Still, this is a lint after all, it doesn't have to be totally precise. I think that for the first version of the code I would only worry about local variables and ignore more complex Place values. That seems like a simple thing to fix up later.

[nikomatsakis]

@qmx may take a look at this, since @cramertj never had time

[cramertj]

@qmx I started https://github.com/cramertj/rust/tree/copy-lint if you want to take a look.
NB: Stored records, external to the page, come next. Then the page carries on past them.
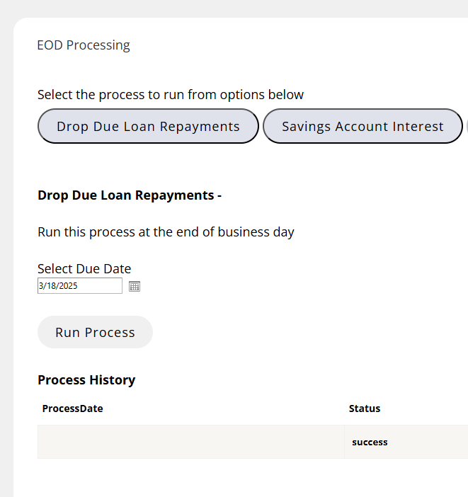 - On the EOD processing sub menu click on ‘Drop Due Loans’
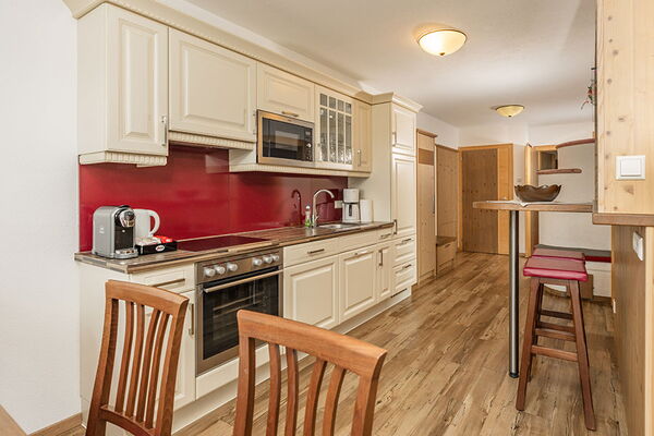 Die Ausstattung ist sehr umfangreich und mit hochwertigen Küchengeräten macht das Kochen im Urlaubszuhause auch richtig Spaß. Viel Raum für Gemeinsamkeit und auch Rückzugsorts bieten sich in der ansprechenden Wohnküche, am Balkon bei Traumausblicken und im angenehm gestalteten Schlafzimmer.
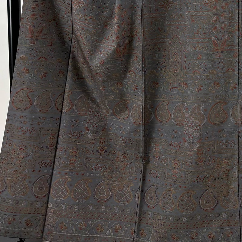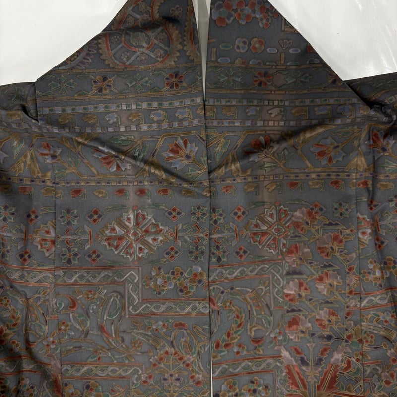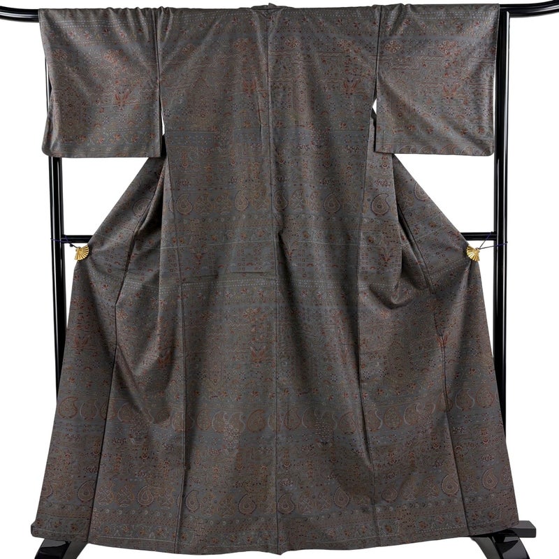 【着物ランク】秀品 【素材】正絹 【身丈】約163cm 【裄丈】約67cm 【袖丈】約45cm 【袖幅】約34cm 【前幅】約26.5cm 【後幅】約31cm 【サイズ】M 【着物仕立て】袷 【着用時期】10~5月 【状態ランク】ランクB 【着物着用シーン】気軽なパーティー、観劇、食事会、正月、気軽なお茶会、街着
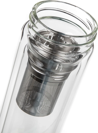 Den integrerede si i rustfrit stål gør det nemt at trække løste, urter eller tilberede frugtinfusioner direkte i flasken.
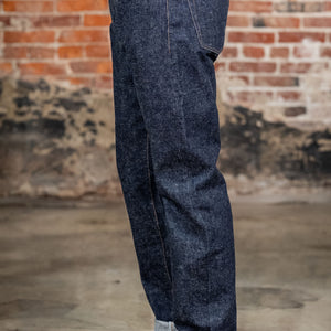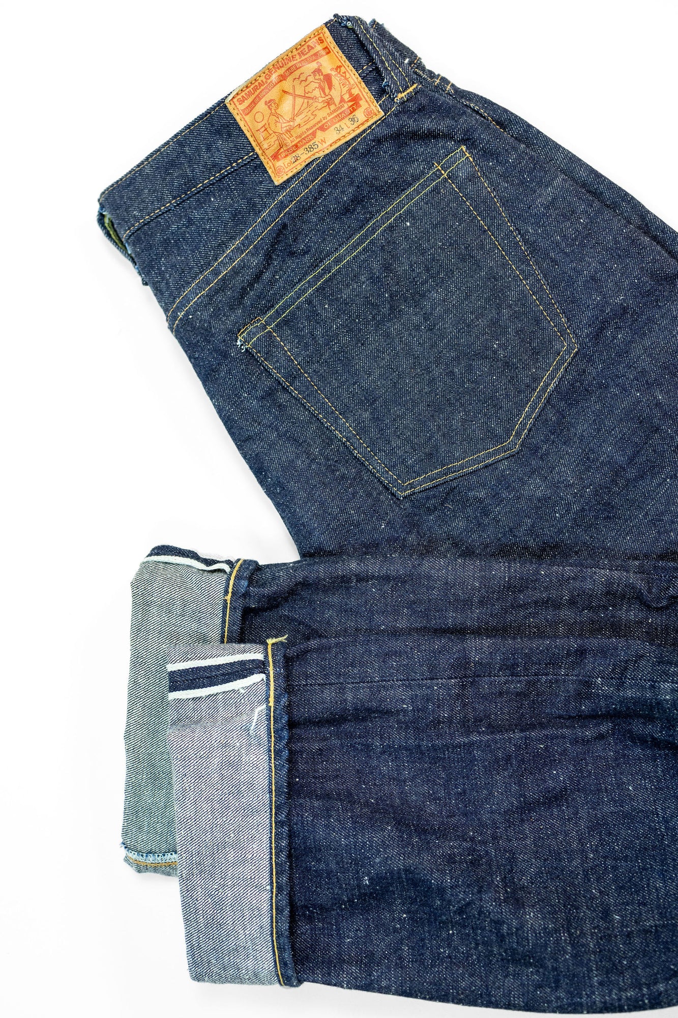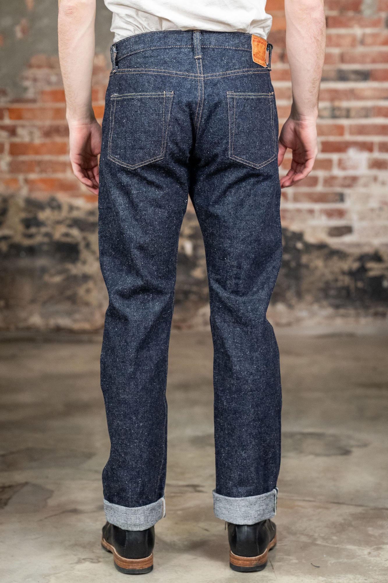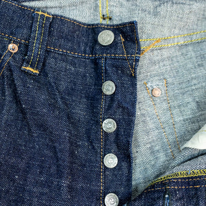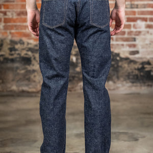 Samurai's S510 is a straight fit that's not too baggy, with a medium-high rise and room in the top block and throughout the leg. The fabric is woven on the famed Toyoda GL3 loom, the first power loom used to make denim in Japan over half a century ago. Only able to produce 5 meters of fabric an hour and kept running with parts from decommissioned machines, the GL3 offers us a glimpse of the characterful denim that was being produced in the mid 20th century. To make the fabric even more special, the weft threads are comprised of Samurai Cotton Project yarns, and the jeans are finished with custom branded iron buttons and thick, two-pronged hidden brass rivets.
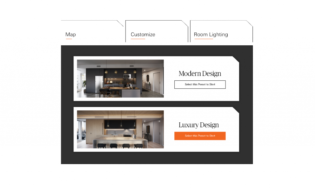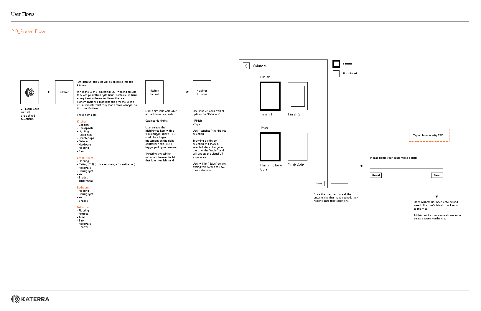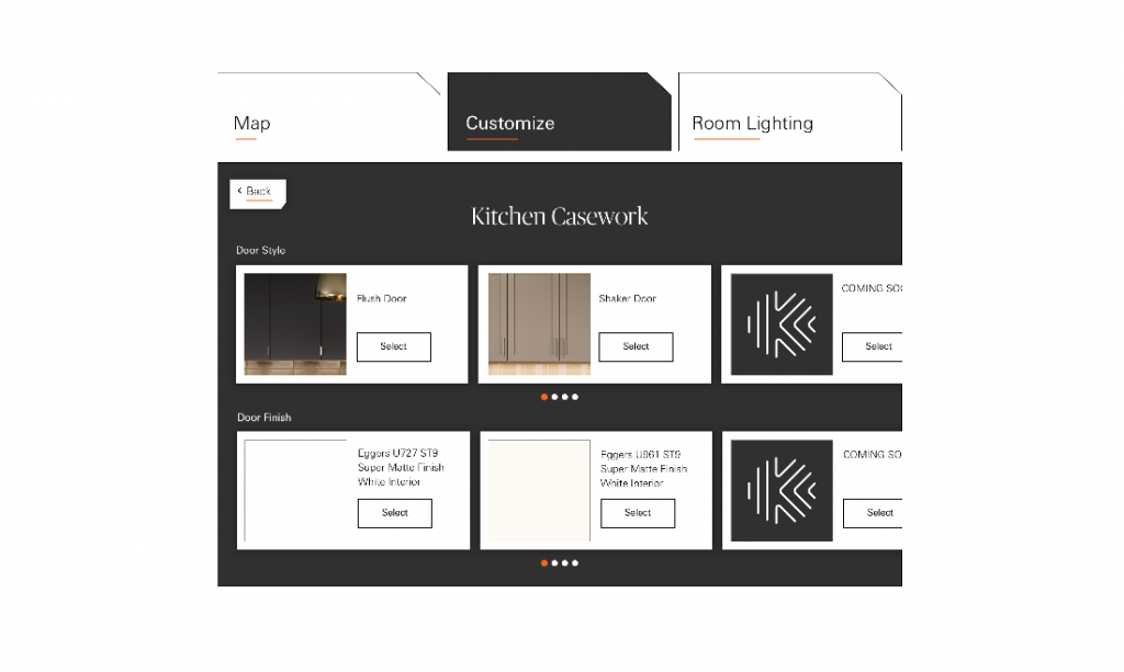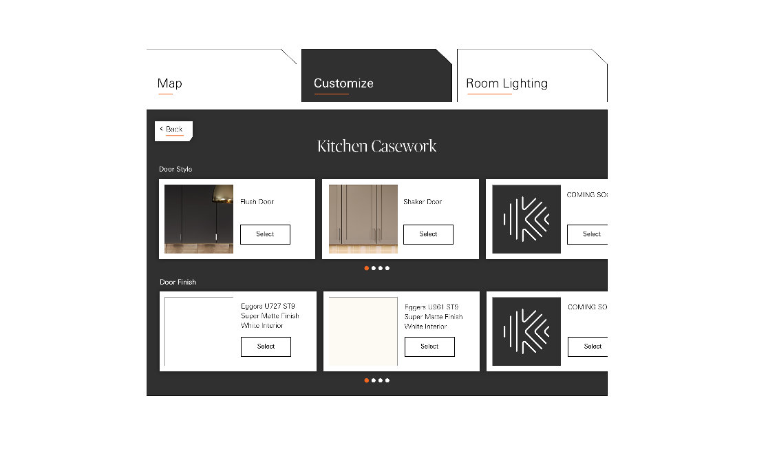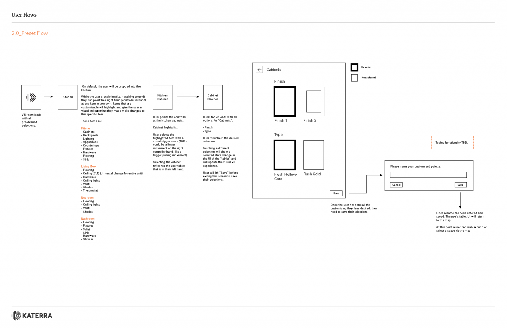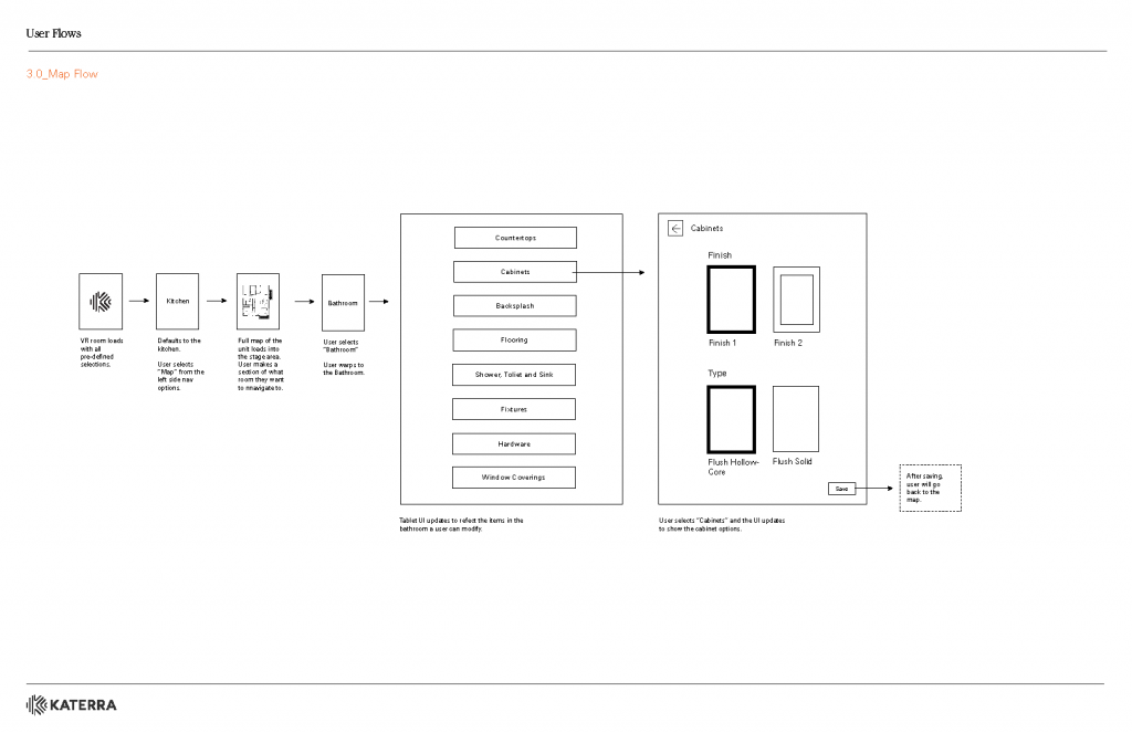 We mapped the user flows as a mix between passively browsing a showroom catalog and the action of actively designing the space around them.

Not sure how useful it is-- I only got the skeleton.

[RalfJung]

RefCell cannot be Copy. The problem is that if you have &RefCell<T>, you could end up copying it while another thread has a mutable reference to the content of the RefCell. That'd be unsound.

Same for Mutex, RwLock.

EDIT: As @rkruppe pointed out, "thread" doesn't make sense here. That doesn't change the problem though, see below.

[rkruppe]

RefCell is not Sync so how could you have a &RefCell<T> in one thread while another thread can access the referent?

[RalfJung]

This can all happen in one thread.

[RalfJung]

let r = RefCell::new(42);
let r1 = &r;
let r2 = &r;
let _mutref = r1.borrow_mut();
let illegal_copy = *r2; // copying while there is an outstanding mutable reference

[rkruppe]

Oh yeah you're right. The mention of another thread really mislead me there.

[RalfJung]

Sorry for that, not sure what I thought. "Another function" is really what I meant (though it can be the same, as in my counterexample).

[nikomatsakis]

@RalfJung in retrospect, the RefCell problem is obvious -- basically, of course copying is bad, for the same reason that borrow() isn't infallible. Silly me.

[qmx]

Just found out about rust-lang/rfcs#2407 - that would be a nice suggestion for the linter in the future, wouldn't it?